Question: Reciprocal Blast & Parse best hits
gravatar for Izal
2.1 years ago by
Izal10 wrote:

Hi everyone,

I'm novice doing reciprocal blast and I have spent a lot of time trying it. I don't know how to do a reciprocal blast and how to parse the best hits and compare & find matches. So, an advice would be a big help to me.

I need to do a reciprocal Blast in Python (Jupyter) to identify same proteins.

  • For that, first I make a db with the respective FASTA with the coding sequences.

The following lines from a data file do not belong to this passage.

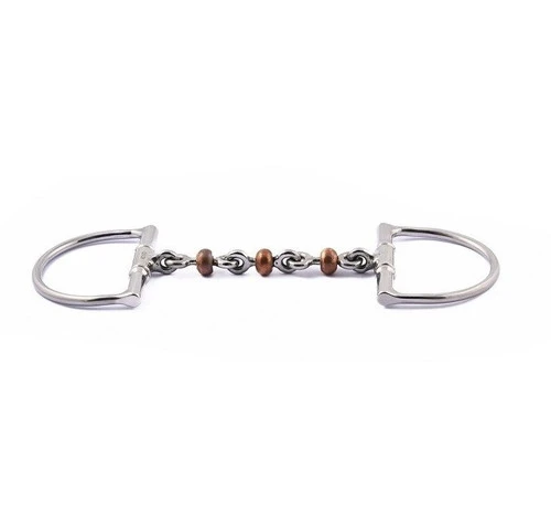Jump’in Copper Toy Waterford Dee has copper disks that allow the horse to “play” when relaxed and help prevent leaning and heaviness on the bit. The Waterford-type mouthpiece has multiple joints for flexibility and even contact on the tongue.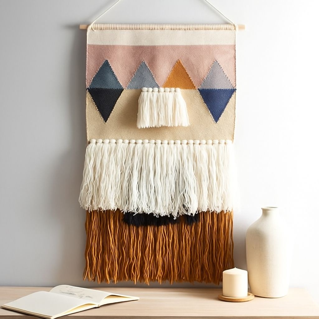 Handwoven & Tufted Geometric Wall Hanging – Boho wall Decor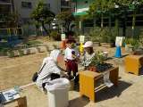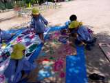 園庭に大きな紙を広げ、絵の具で遊びました。 「かわいい絵を描くねん!」と好き...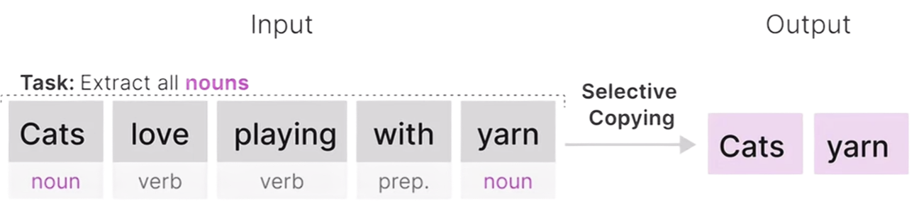 以下面的任务为例,模型需要从输入中有选择地提取所有的名词,理想情况下是输出Cats和yarn,但是S4可能做不到。
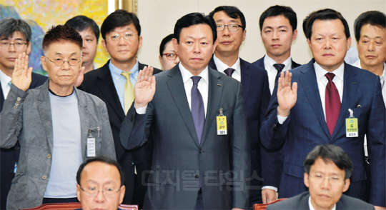 신동빈 롯데그룹 회장(앞줄 가운데)이 17일 국회에서 열린 국회 정무위원회의 공정거래위원회 등에 대한 국정감사에 출석해 증인선서를 하고 있다. 신 회장은 "제2차 형제의 난, 경영권 분쟁의 소지가 있느냐"는 질문에 "그런 가능성은 없다"고 답했다.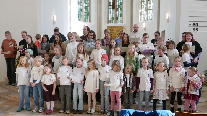 „Eingeladen zum Fest des Glaubens“ – mit diesem Lied hieß der Kinderchor gemeinsam mit den Eltern die Gemeinde zum diesjährigen Erntedankfest in der Jakobi-Kirche willkommen. Pfarrerin Claudia Raneberg von der evangelischen Jakobigemeinde freute sich, dass so viele Menschen beim Familiengottesdienst mitfeierten.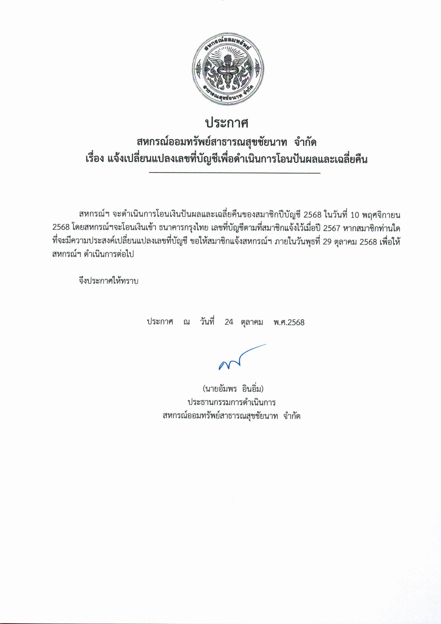 ประกาศ สหกรณ์ออมทรัพย์สาธารณสุขชัยนาท จำกัด เรื่อง แจ้งเปลี่ยนแปลงเลขที่บัญชีเพื่อดำเนินการโอนเงินปันผลและเฉลี่ยคืน ตุลาคม 25, 2025admincoopข่าวสารกิจกรรม FacebookTwitterGoogle PlusLine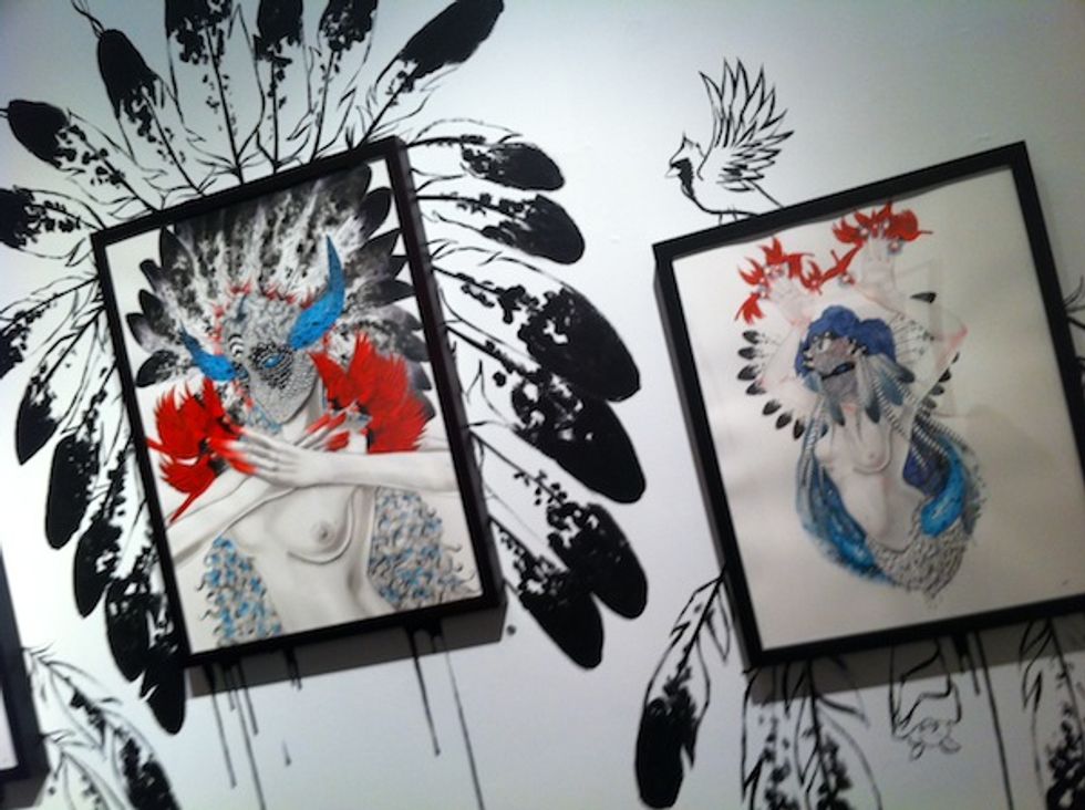 I told Brown I want her to paint one of my walls. Her work spreads beyond the canvas onto the surrounding white. Feathers, drips, bats, and birds extended the stylish spirituality. “The figures in my drawings for Undressed are based on supernatural beings, so I wanted my installation to look like a shrine. In Native American culture, feathers represent a connection to the spiritual world; an idea based on a bird's ability to fly to the Native Americans' concept of heaven. So I surrounded my pieces with feathers to suggest that idea.” Feather hair extensions? Feather art? Birds of a feather flock together...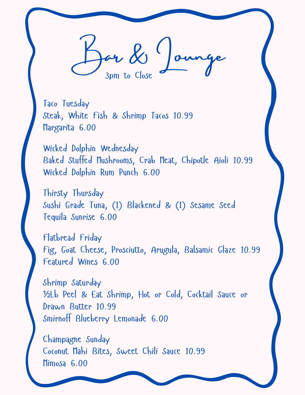 SPECIAL MENUS AT FRESH CATCH BISTRO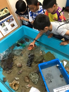 タッチプールで実際に生き物に触れるコーナーが大人気でした。やっぱりなんでも「やって」みたいものですね。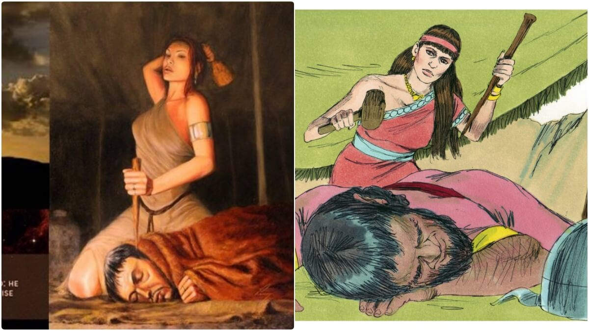 17 But Sisera fled away on foot to the tent of Jael, the wife of HEber the Kenite, for there was peace between Jabin the king of Hazor and the house of Heber the Kenite.18 And Jael came out to meet Sisera and said to him, "Turn aside, my lord; turn aside to me; do not be afraid." So he turned aside to her into the tent, and she covered him with a rug. 19 And he said to her, "Please give me a little water to drink, for I am thirsty." So she opened a skin of milk and gave him a drink and covered him. 20 And he said to her, "Stand at the opening of the tent, and if any man comes and asks you, 'Is anyone here?' say, 'No'." 21 But Jael the wife of Heber took a tent peg, and took a hammer in her hand. Then she went softly to him and drove the peg into his temple until it went down into the ground while he was lying fast asleep from weariness. So he died. 22 And behold, as Barak was pursuing Sisera, Jael went out to meet him and said to him, "Come, and I will show you the man whom you are seeking." So he went in to her tent, and there lay Sisera dead, with the tent peg in his temple.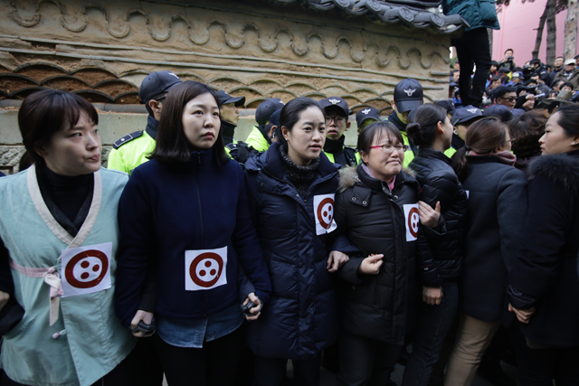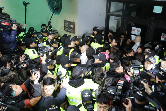 이렇게 경찰이 관음전 주위에 인력을 추가 배치하고 진열을 정비하는 사이, 조계종 측은 오후 5시 긴급 기자회견을 열었다.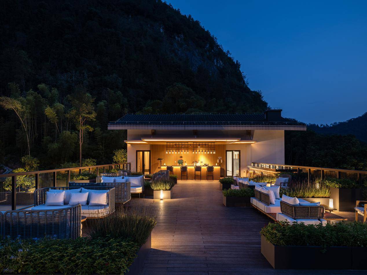 酒店设计汲取东方禅意中的“留白”与“呼吸感”,以素雅线条、通透落地玻璃,将山光、水色、晨雾与夕照纳入室内空间。依山而建,得隐逸之格局;临溪而居,获灵动之生机。185间客房及套房均配备全景落地窗与私人阳台,让您随时沉浸于仙居的四季画卷。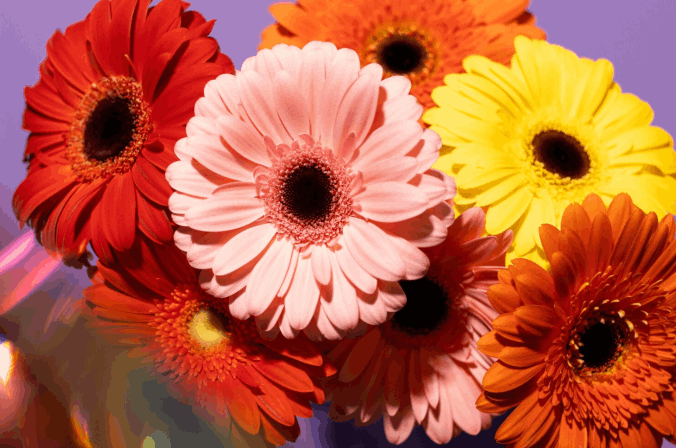 Vibrant gerbera daisies arranged to bring joy and positivity to any setting. Bright and cheerful, suitable for uplifting occasions.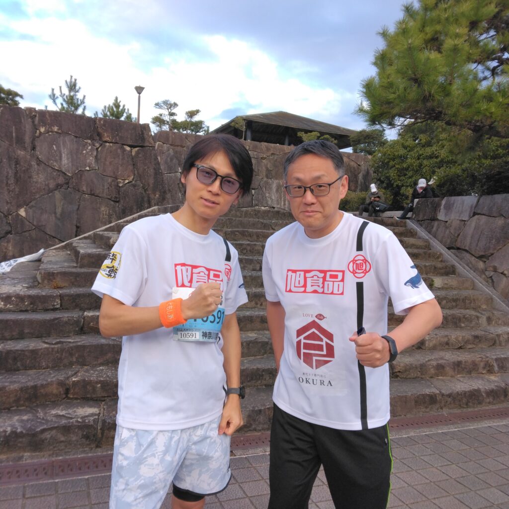 地域貢献と社員の健康増進に寄与する活動として㈱大倉の親会社の旭食品㈱がオフィシャルスポンサーになっています。なんとかスポンサー枠の抽選に当選して仕事とともに足腰鍛え上げる日々を過ごしてきました。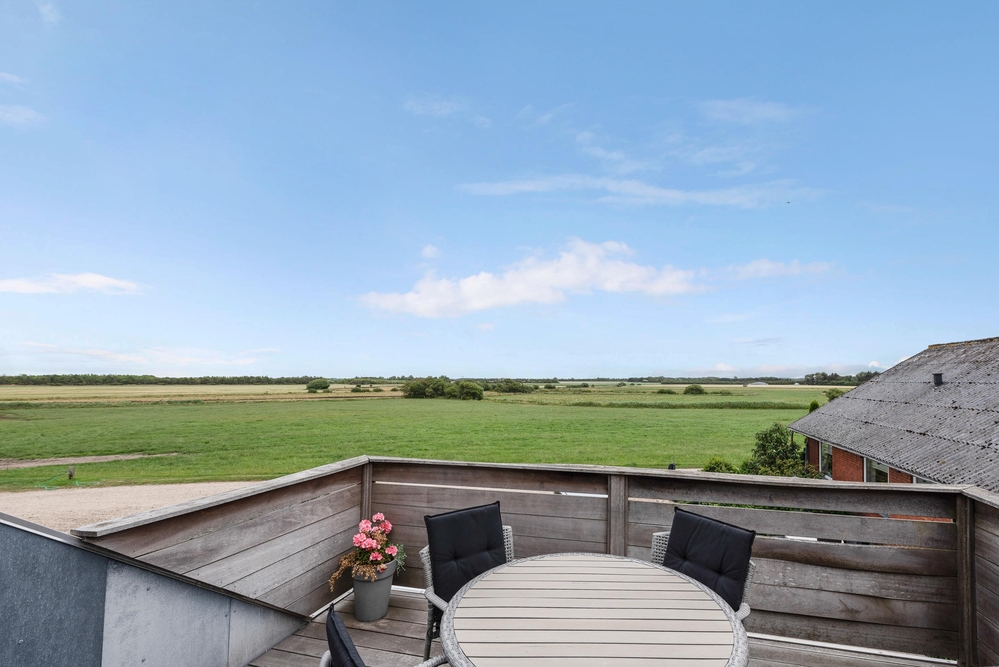 Rigtigt dejligt er det, at I har adgang til 2 store balkoner. Perfekt til at hygge med et glas vin og nyde solnedgangen og den dejlige udsigt over mark og enge. Samtidigt må I bruge gårdhaven. Her kan børnene hygge sig og lege i sandkassen, imens I slapper af og drikker en kop kaffe i solen eller måske tænder op i grillen.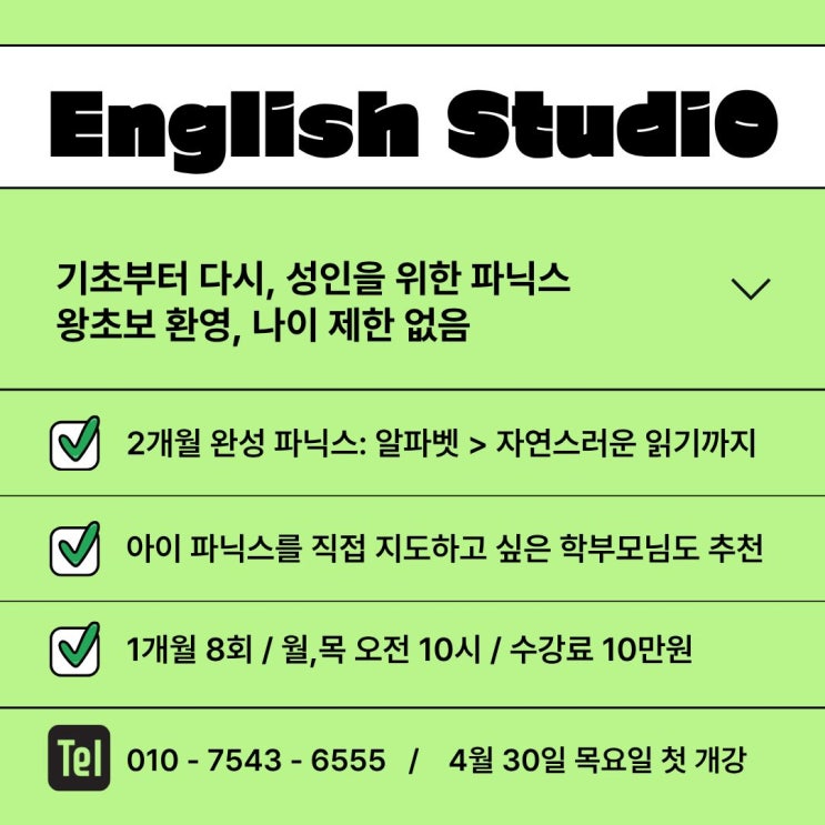 안녕하세요! 공부상점 입니다~ 공부상점 어학원에서 성인 영어반을 개강합니다! 성인들도 영어공부에 늘 목마름이 있죠!! 동영상 강의나 어플로 공부하는 것은 내 의지가 필요합니다! 스스로 시간을 정해두고 꾸준히 하기 어려운 다른 공부 선택지들 보다 분명한 학원의 장점은! 꾸준히 그 과정을 끝낼 수 있는 부분입니다! 새해가 오면 이루고 싶은 목표에 항상 들어있던 영어 공부 이제 진짜 시작해보세요!!! 그리고 제대로된 읽기부터 한 단계씩 성취감을 느껴보세요! 궁금하신 점이 있으시면 편하게 연락 남겨주세요! ☎ 010 7543 6555 <img src="https://blogthumb.pstatic.net/MjAyNjA0MDZfNTMg/MDAxNzc1NDc1Mzk2NDg4.dBmgMQ7Dxi1wMjqsBJ_s0n37UlW09pJYW0AEHDLR8wEg.zxKIcbkFrOj7t18TQ9teuLuOUeQQKui65fZ3jD1VrKwg.JPEG/%BC%BA%C0%CE%BF%B5%BE%EE.jpg?type=s3" />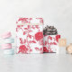 A romantic, vintage toile de jouy pattern featuring bright red roses against a crisp white background.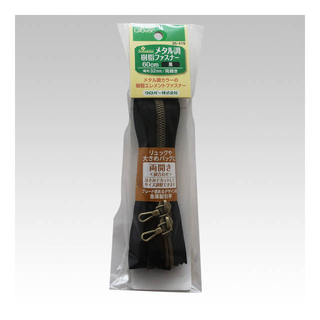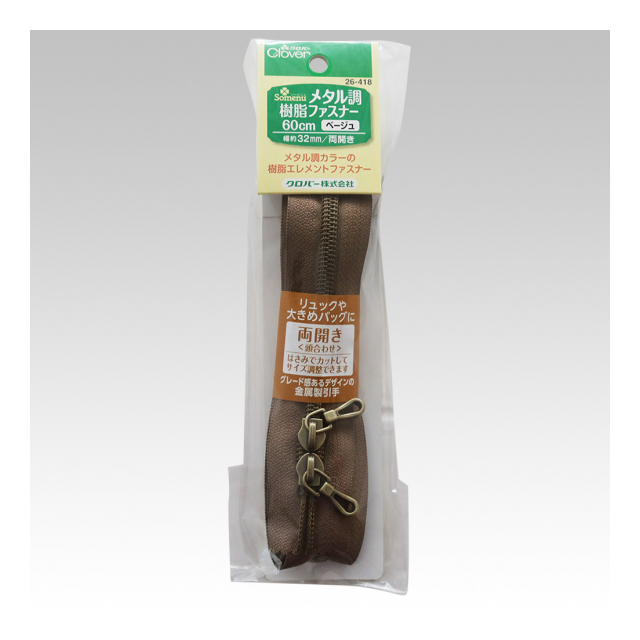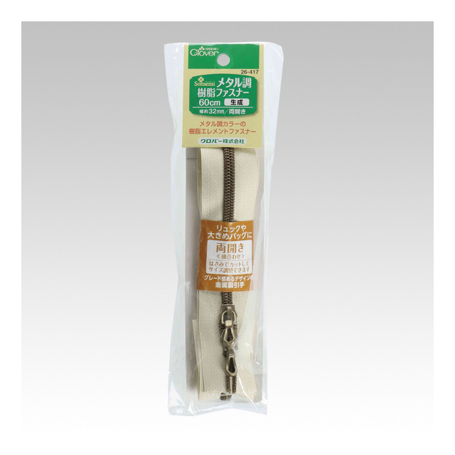 《クロバー》 メタル調樹脂ファスナー 60cm 両開き(頭合わせ)生成・ベージュ・黒 【日本製】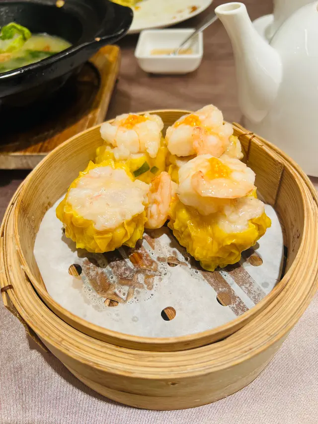 燒賣大粒紮實,外皮唔會太厚,餡料蝦肉比例高,配蟹籽提升鮮味及口感。蒸煮火候控制得好,無水淋或過熟情況,保持咬口。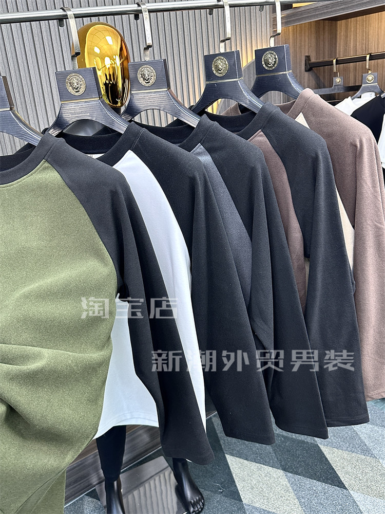 淘宝插肩袖~AB德绒自发热!柜400+!秋冬男士保暖圆领打底衫卫衣T恤潮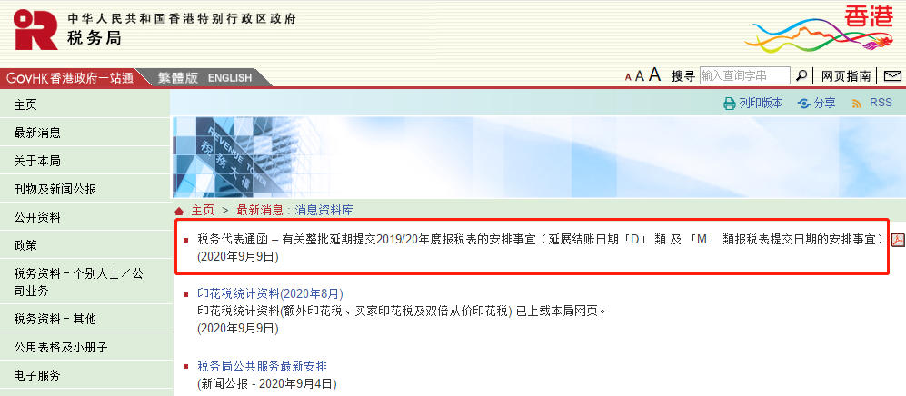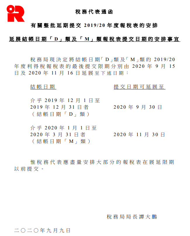 9月9日,香港稅務(wù)局發(fā)出關(guān)于《有關(guān)整批延期提交2019/20年度報稅表的安排》通知,稅務(wù)局決定延展結(jié)賬日期「D」類及「M」類報稅表提交期限,由最后提交期限的2020年9月15日改為2020年9月30日。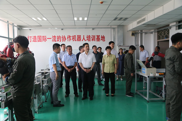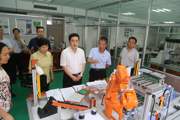 学院领导陪同市领导参观学院工业机器人实训基地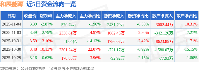证券之星消息,截至2025年11月4日收盘,和展能源(000809)报收于3.39元,下跌2.87%,换手率10.29%,成交量84.87万手,成交额2.91亿元。

    !makeblastdb -in $fastap_1 -dbtype 'prot'

    !makeblastdb -in $fastap_2 -dbtype 'prot'

  • Then, I run blastp for both files:

    blastp_ab = !blastp -query $fastap_1 -db $fastap_2 -out ab.txt

    blastp_ba = !blastp -query $fastap_2 -db $fastap_1 -out ba.txt

Up to here everything works. Now, I have to parse the blast results to collect best hits. I have tried it, but not even print "hello??"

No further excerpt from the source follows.